Окончанie. продолжается изъ Айнъ Рэндъ (Алиса Розенбаумъ). Атлантъ расправилъ плѣчи.
Часть II
Данный романъ неодолимо морализаторскiй, но эта мораль крайне топорна, малоэстетична и по большому счету противоестественна. И, по духовно-рассовому основанiю, она сродни большевицкой. При иныхъ условiяхъ, авторша романа сгодилась бы стать большевичкой, въ частности поскольку диктатуру импотентовъ она устроила изъ собственнаго брака. Да, отъ ея главнаго талмуда романа можно отдѣлаться фразой "книга еврейскаго статистика про фашистскую волю", но, по-моему В.Паперному удалось написать очень забавный очеркъ, который, читатели, я вамъ и предоставляю. Я стараюсь не кромсать чужихъ текстовъ .
6. Секс
Пять месяцев спустя, в ноябре 1954 года, Айн, Фрэнк, Барбара и Натан снова сидели в той же гостиной, и Айн объясняла Барбаре и Фрэнку, что первоначальный договор о платонических отношениях с Натаном необходимо нарушить, что любящие друзья должны понять и принять потребность учительницы и ученика выразить свои чувства в сексе.
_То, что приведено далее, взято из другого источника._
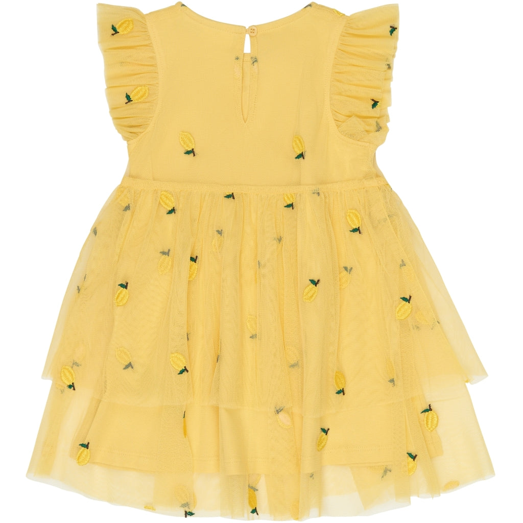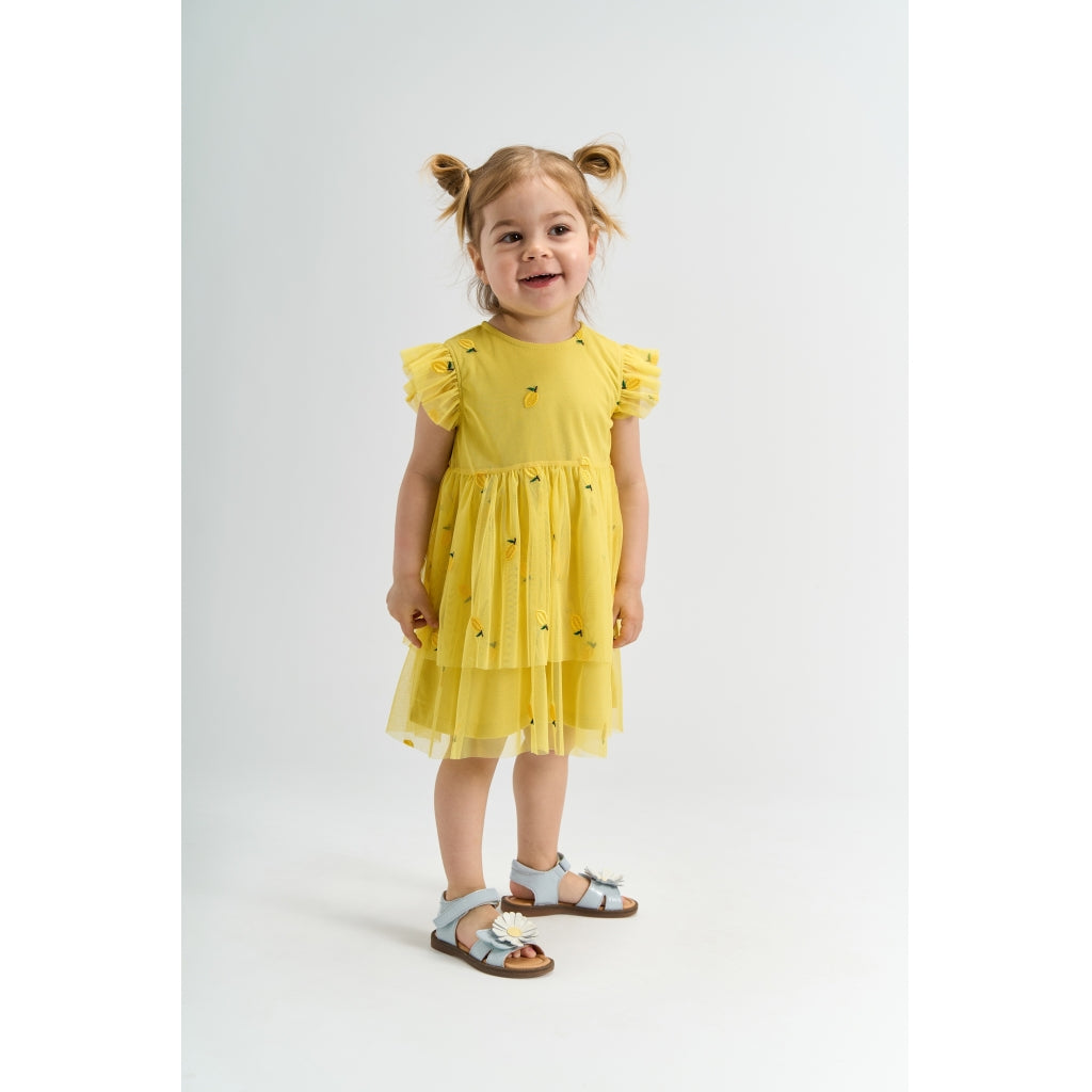 TNSTSvea S_L Dress er en solgul kjole til tumlingepiger, der stråler af sommerglæde. Kjolen har et legende udtryk med små citronbroderier og et let, svajende skørt i flere lag, der indbyder til snurreture. De fine flæseærmer og den runde hals giver et sødt og klassisk look, mens den lille knaplukning i nakken gør den nem at få af og på. Yderstof i 100% polyester giver et flot fald, og blødt foer i 100% bomuld sikrer god komfort mod den sarte hud. Perfekt til både fødselsdage, ferier og hverdagsglæder.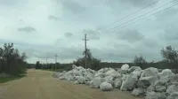 По дороге в Нижнюю Героевку начали работы. Уже завезли немного бута для укрепления дороги от подтоплений. На месте работает тяжелая техника, установили предупреждающие дорожные знаки.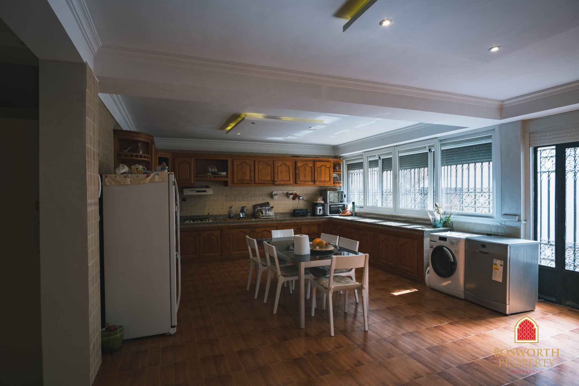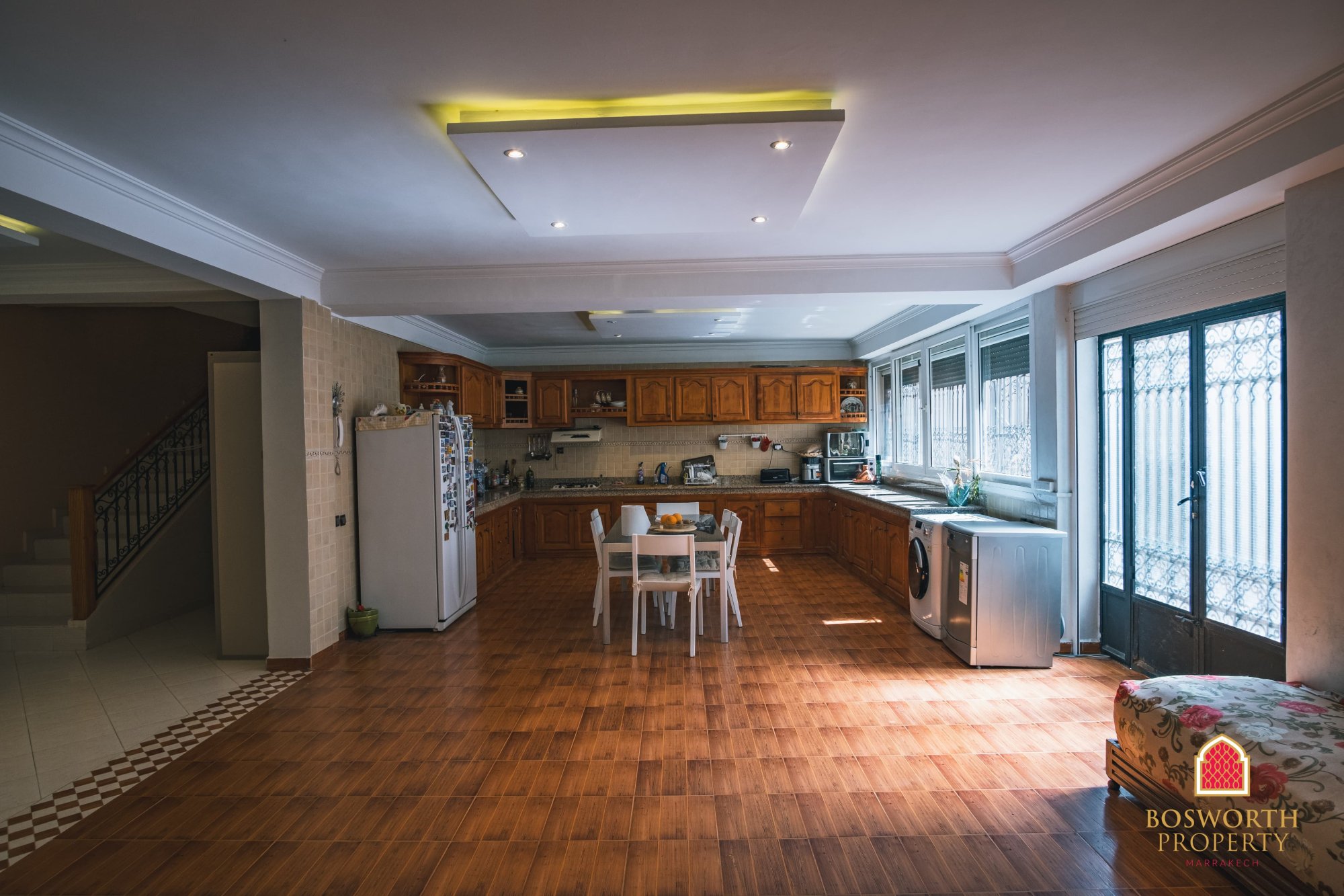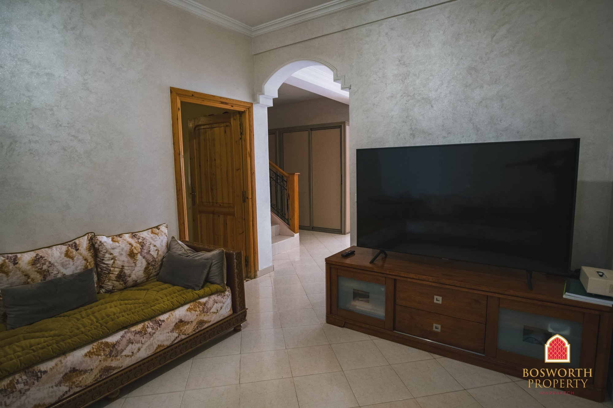 This charming and spacious family villa is located in the sought-after Targa Masmoudi neighbourhood - just 10 minutes from the vibrant centre of Gueliz and under 20 minutes from the historic heart of Marrakech, Jemaa El-Fnaa. With a built area of 387m2 across three levels, this home offers style, space, and real versatility.

При этом супружеские отношения обеих пар должны продолжаться.
- Если бы мы четверо были обычными людьми, - говорила она, - то эта ситуация была бы невозможна. Но мы не обычные люди. Это рационально и справедливо, чтобы Натан и я испытывали влечение друг к другу. Но это столь же рационально и справедливо, чтобы наши с ним отношения продолжались всего несколько лет. Я никогда не буду старухой, гоняющейся за молодым человеком.
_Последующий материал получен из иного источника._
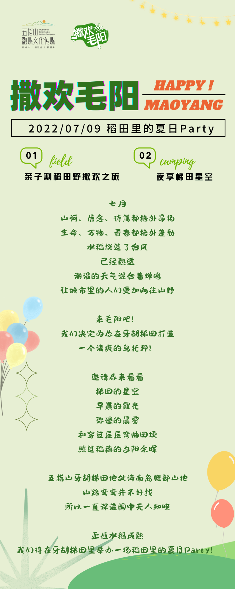 “稻田里的夏日Party”——這周六還不組隊來五指山毛陽露營撒歡?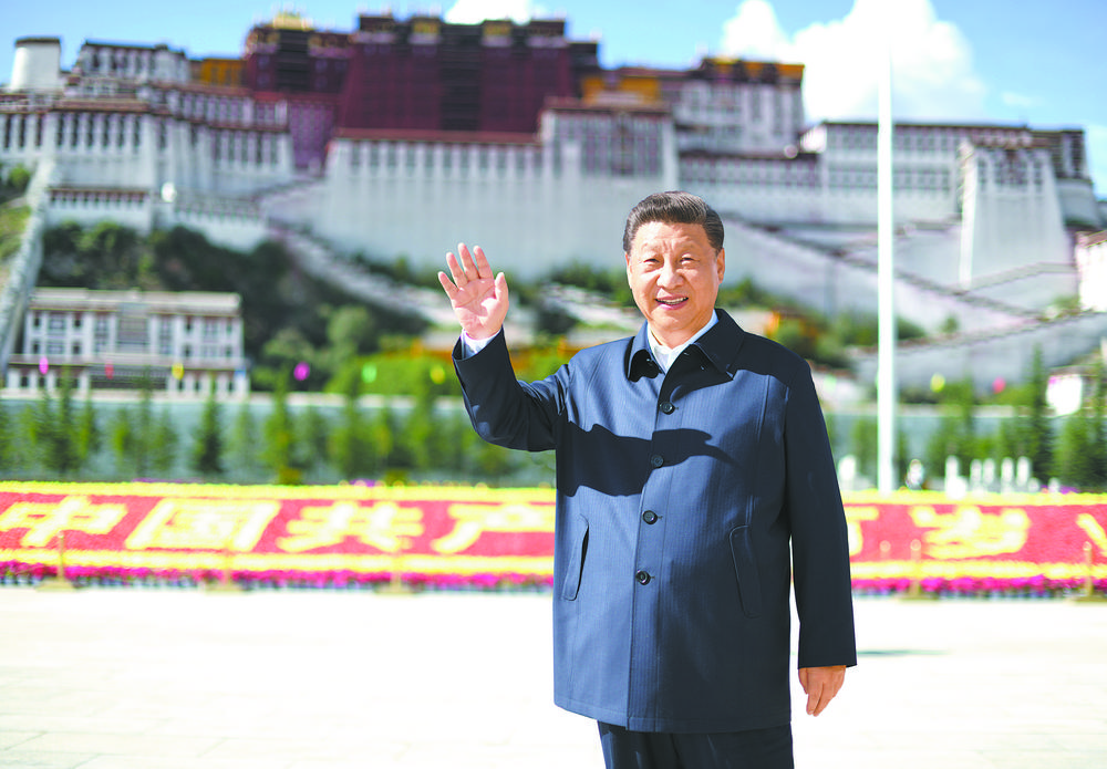图① 7月21日至23日,中共中央总书记、国家主席、中央军委主席习近平来到西藏,祝贺西藏和平解放70周年,看望慰问西藏各族干部群众。这是22日下午,习近平在布达拉宫广场考察时,向游客和当地群众挥手致意。 新华社记者 谢环驰摄
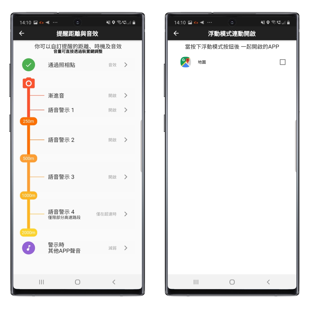 特別是這二個功能,提醒距離跟音效這個項目裡,你可以自己選擇離多遠的時候開始提醒你,有些測速 APP 都到剩幾百公尺才提醒,每次提醒距離有點不一定,但這個 APP 裡就可以自己選擇,我覺得非常的好。

Фрэнк и Барбара приняли эту ситуацию, еще не подозревая, к какому надрыву и истерикам она в конце концов приведет. У Фрэнка практически не было выбора, без Айн он был никем, человеком без профессии и средств к существованию. У Барбары ситуация была другая. Восхищаясь интеллектом и талантом Натана, она ценила его как друга, но не любила. К браку с ним ее подтолкнула Айн, по ее теории рациональная оценка достоинств Натана должна была рано или поздно выразиться в страсти. Барбара старалась, но страсть не возникала. Недостаток любви к мужу привел к постоянному чувству вины перед ним. Если я не могу дать ему той любви, которой он заслуживает, думала она, то пусть это сделает другая.
Как потом выяснилось, аналогичная проблема была у Натана с Айн. Восхищение ее умом и талантом только с большими усилиями ему удавалось переплавлять в физическую страсть. Барбаре казалось, что даже в разгар романа с Айн его любовь к ней самой была сильнее. Много лет спустя Натан признался, что именно так оно и было.
7. Катастрофа
Трудно и мучительно заканчивая книгу - один лишь финальный монолог Джона Галта занял у нее два года, - а потом страдая от шквала отрицательных рецензий, Айн приостановила любовные отношения с Натаном. Одновременно его роль «интеллектуального наследника» непрерывно возрастала. В какой-то момент он стал чем-то вроде общественного обвинителя на психологических расследованиях, которым подвергались молодые последователи объективизма. Описания этих сеансов «перевоспитания», на которых присутствовала Айн, читаются почти как эпизоды китайской культурной революции. Обвиняемые должны были каяться в идеологических ошибках. Вот признания юной объективистки, у которой не складывались отношения с молодым человеком, тоже объективистом: «Мое пустое, бесцельное прошлое, я увидела его, когда Натан приводил пример за примером моих поступков. Когда он сказал, что моя самооценка зависит от того, что другие думают обо мне, я поняла, что предала все, что было для меня дорогим»23. Айн одобрительно посмеивалась.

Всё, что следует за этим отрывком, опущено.